■ TRY IT ■
Set down, word for word, every line of the material below from the one containing "Trajectory tracking curve" through the one containing "रुद्रप्रयाग पुलिस में", but none of its pictures.

■ EXCERPTED DATA ■
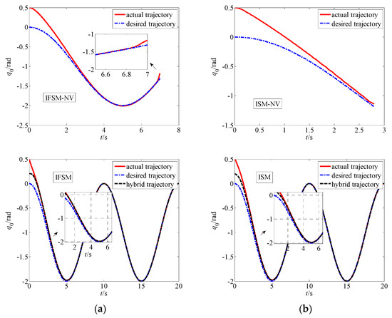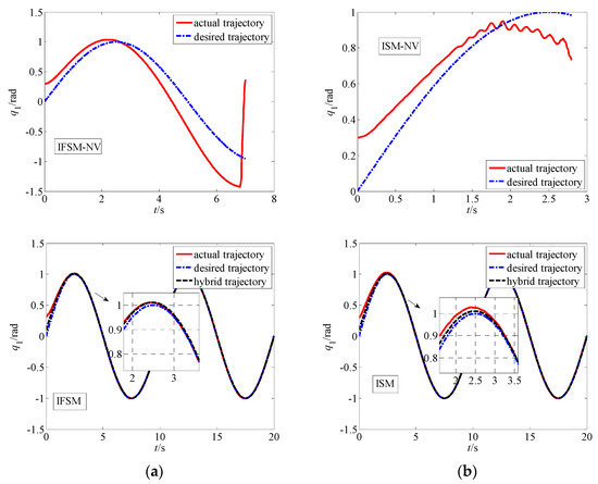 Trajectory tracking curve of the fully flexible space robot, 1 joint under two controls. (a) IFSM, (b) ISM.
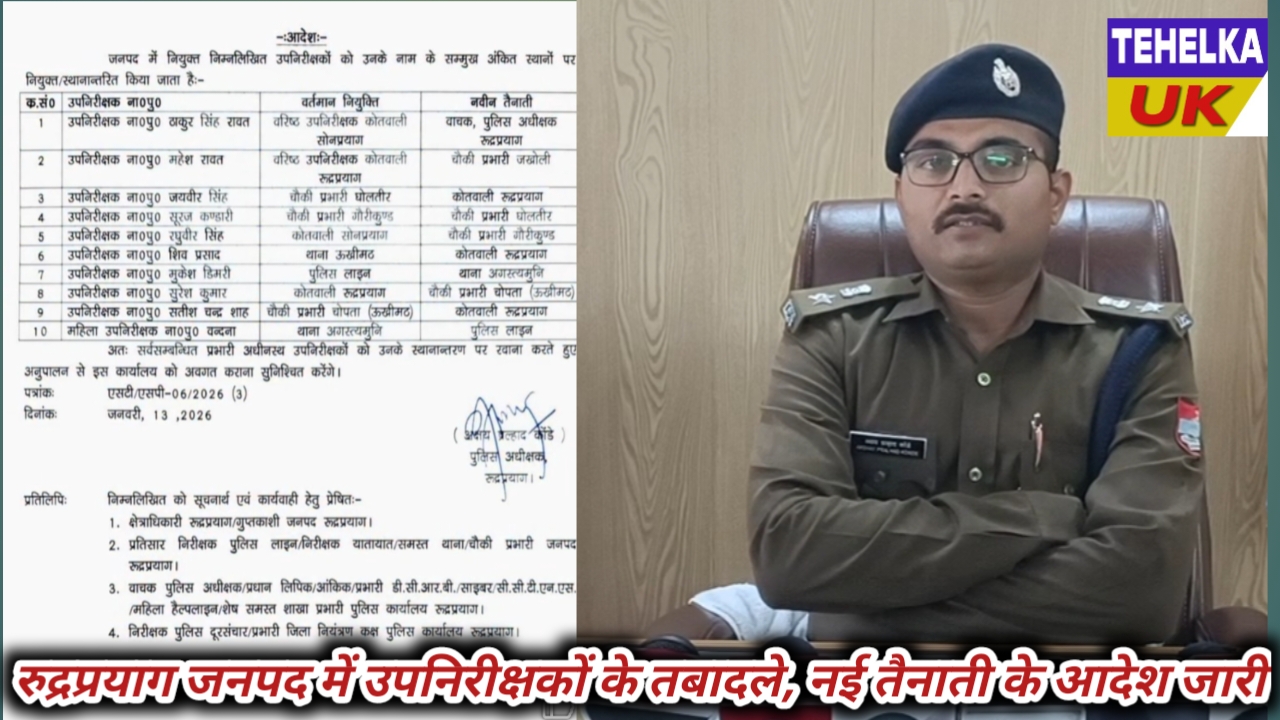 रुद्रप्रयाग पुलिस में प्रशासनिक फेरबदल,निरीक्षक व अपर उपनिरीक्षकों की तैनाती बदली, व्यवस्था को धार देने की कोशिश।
...
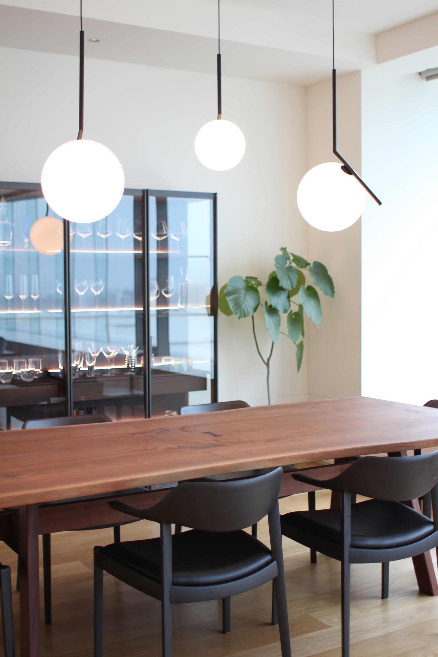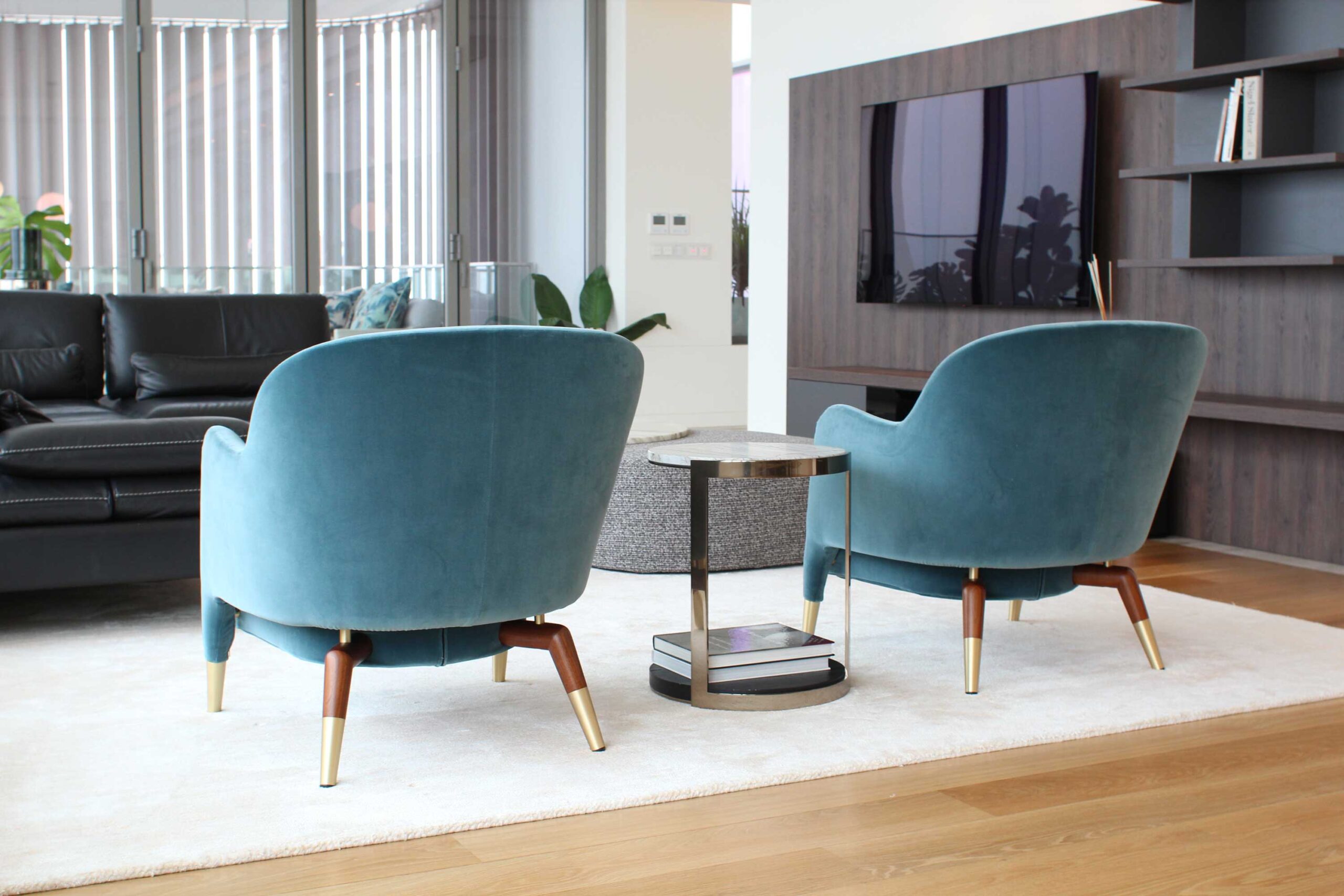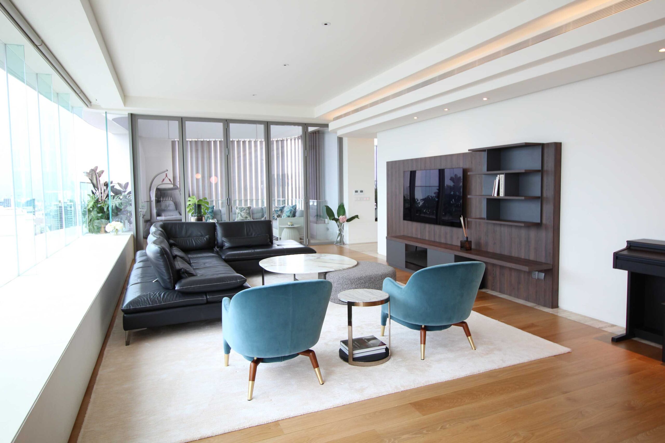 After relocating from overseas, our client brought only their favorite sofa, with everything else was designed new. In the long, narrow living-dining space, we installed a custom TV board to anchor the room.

■ WRITTEN RESPONSE ■
 Trajectory tracking curve of the fully flexible space robot, 1 joint under two controls. (a) IFSM, (b) ISM.
 रुद्रप्रयाग पुलिस में प्रशासनिक फेरबदल,निरीक्षक व अपर उपनिरीक्षकों की तैनाती बदली, व्यवस्था को धार देने की कोशिश।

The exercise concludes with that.